*** Given data ***

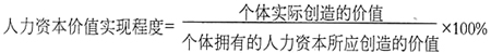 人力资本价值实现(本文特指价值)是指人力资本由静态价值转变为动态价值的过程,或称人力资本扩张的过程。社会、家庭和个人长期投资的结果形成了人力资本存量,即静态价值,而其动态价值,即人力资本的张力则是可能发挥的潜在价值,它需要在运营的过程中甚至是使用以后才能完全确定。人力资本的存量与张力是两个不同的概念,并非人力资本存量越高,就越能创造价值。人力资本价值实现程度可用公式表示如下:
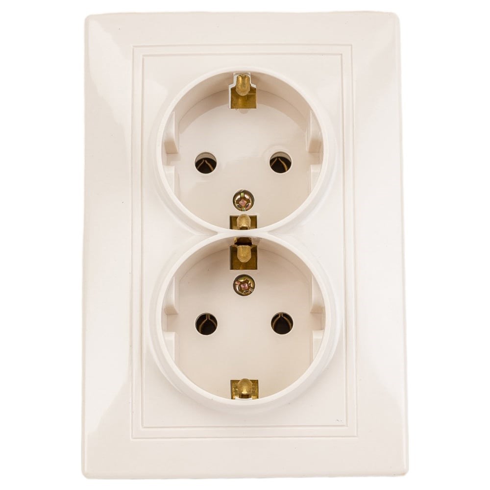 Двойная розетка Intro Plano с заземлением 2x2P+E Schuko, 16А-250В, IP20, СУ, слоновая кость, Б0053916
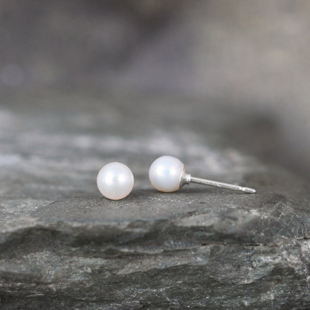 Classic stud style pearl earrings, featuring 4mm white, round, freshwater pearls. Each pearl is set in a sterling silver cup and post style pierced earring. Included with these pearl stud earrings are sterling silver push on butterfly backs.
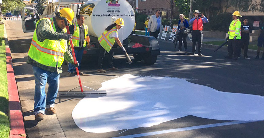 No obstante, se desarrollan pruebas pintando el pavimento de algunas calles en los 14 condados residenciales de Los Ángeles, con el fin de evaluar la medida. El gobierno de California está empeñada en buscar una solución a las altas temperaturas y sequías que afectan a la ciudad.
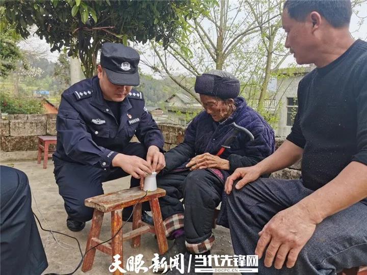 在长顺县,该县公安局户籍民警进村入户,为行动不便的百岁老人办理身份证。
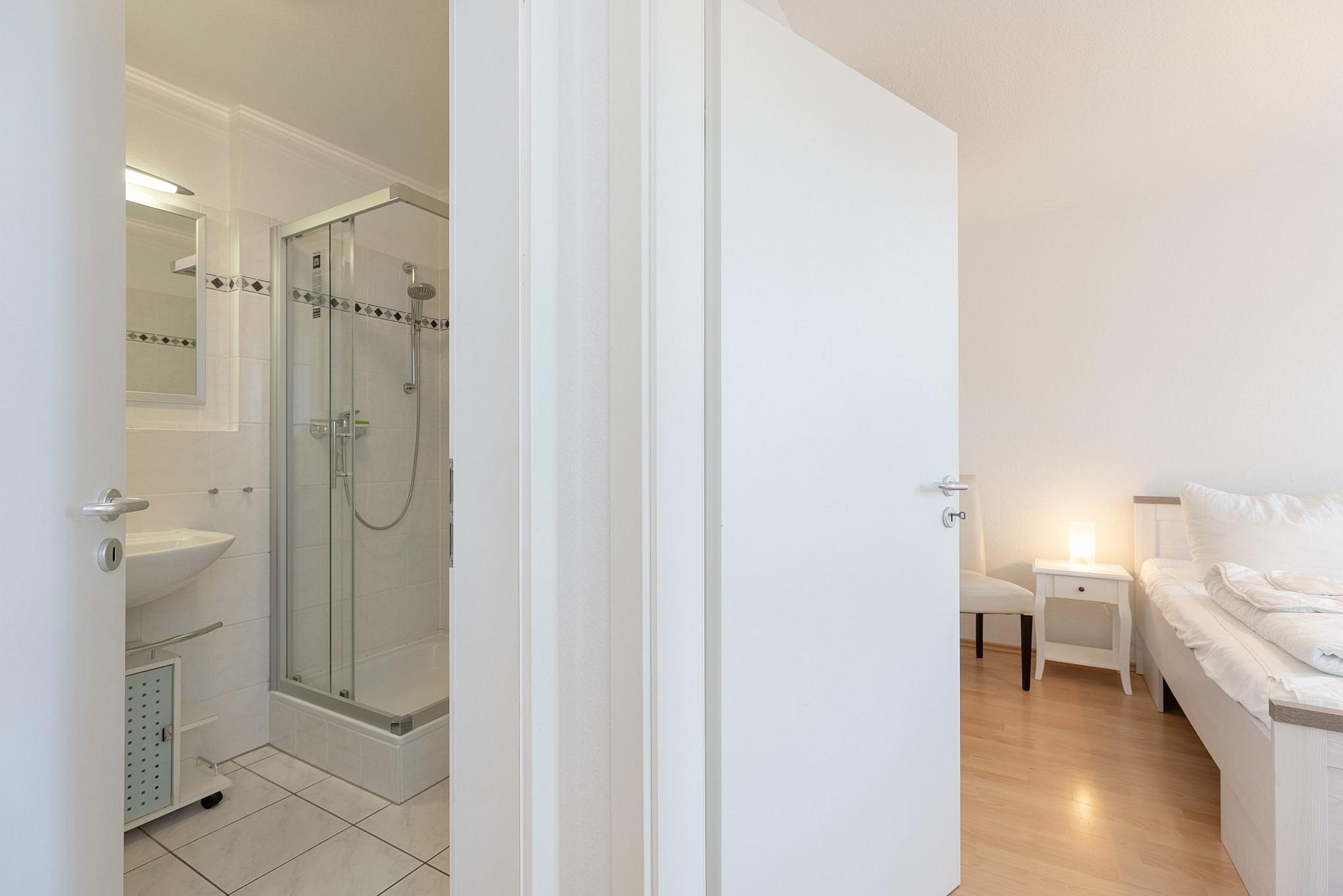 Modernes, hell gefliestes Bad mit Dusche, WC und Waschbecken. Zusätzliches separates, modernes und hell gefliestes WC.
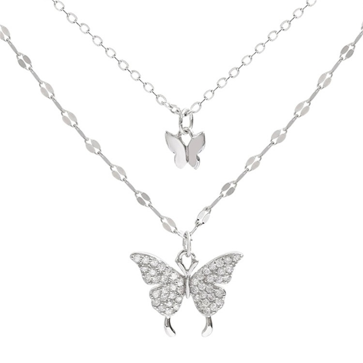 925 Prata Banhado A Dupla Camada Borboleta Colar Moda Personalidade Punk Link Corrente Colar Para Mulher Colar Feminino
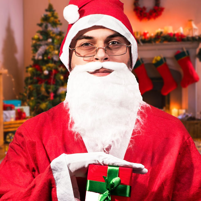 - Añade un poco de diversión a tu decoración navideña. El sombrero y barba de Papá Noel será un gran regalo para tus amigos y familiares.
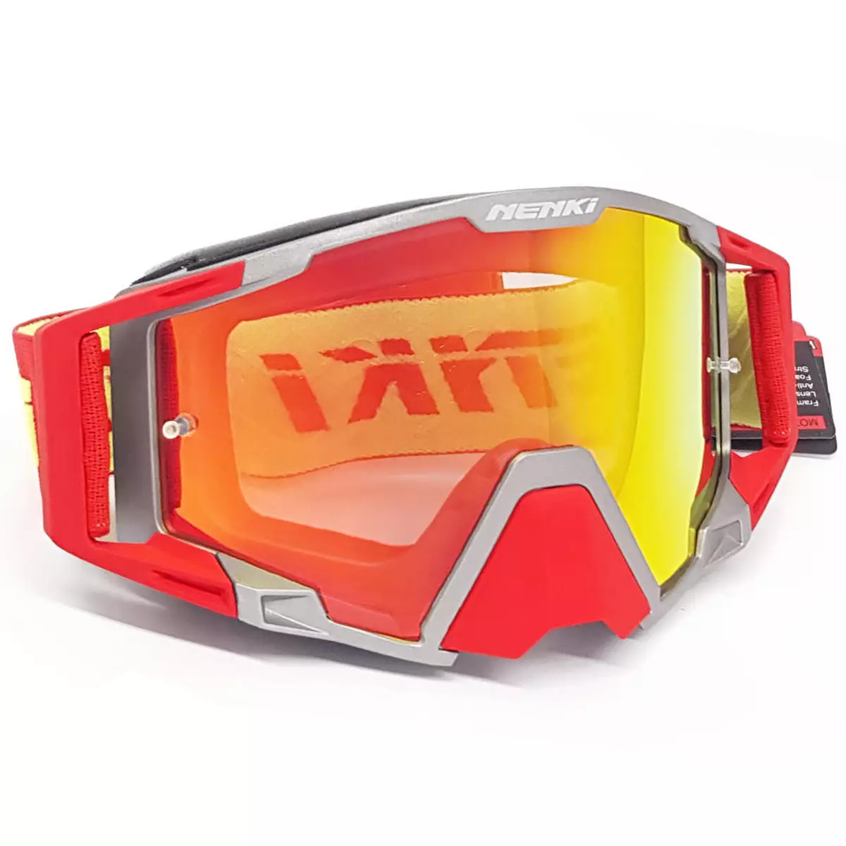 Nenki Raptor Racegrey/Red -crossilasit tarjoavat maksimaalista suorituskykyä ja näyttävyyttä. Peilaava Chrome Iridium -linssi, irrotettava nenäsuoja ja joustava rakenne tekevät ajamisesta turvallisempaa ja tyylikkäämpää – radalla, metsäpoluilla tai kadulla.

*** End of Given data ***

Exercise requirements: When you restate the listing above, give each line word for word but leave out every image.

Reply:
 人力资本价值实现(本文特指价值)是指人力资本由静态价值转变为动态价值的过程,或称人力资本扩张的过程。社会、家庭和个人长期投资的结果形成了人力资本存量,即静态价值,而其动态价值,即人力资本的张力则是可能发挥的潜在价值,它需要在运营的过程中甚至是使用以后才能完全确定。人力资本的存量与张力是两个不同的概念,并非人力资本存量越高,就越能创造价值。人力资本价值实现程度可用公式表示如下:
 Двойная розетка Intro Plano с заземлением 2x2P+E Schuko, 16А-250В, IP20, СУ, слоновая кость, Б0053916
 Classic stud style pearl earrings, featuring 4mm white, round, freshwater pearls. Each pearl is set in a sterling silver cup and post style pierced earring. Included with these pearl stud earrings are sterling silver push on butterfly backs.
 No obstante, se desarrollan pruebas pintando el pavimento de algunas calles en los 14 condados residenciales de Los Ángeles, con el fin de evaluar la medida. El gobierno de California está empeñada en buscar una solución a las altas temperaturas y sequías que afectan a la ciudad.
 在长顺县,该县公安局户籍民警进村入户,为行动不便的百岁老人办理身份证。
 Modernes, hell gefliestes Bad mit Dusche, WC und Waschbecken. Zusätzliches separates, modernes und hell gefliestes WC.
 925 Prata Banhado A Dupla Camada Borboleta Colar Moda Personalidade Punk Link Corrente Colar Para Mulher Colar Feminino
 - Añade un poco de diversión a tu decoración navideña. El sombrero y barba de Papá Noel será un gran regalo para tus amigos y familiares.
 Nenki Raptor Racegrey/Red -crossilasit tarjoavat maksimaalista suorituskykyä ja näyttävyyttä. Peilaava Chrome Iridium -linssi, irrotettava nenäsuoja ja joustava rakenne tekevät ajamisesta turvallisempaa ja tyylikkäämpää – radalla, metsäpoluilla tai kadulla.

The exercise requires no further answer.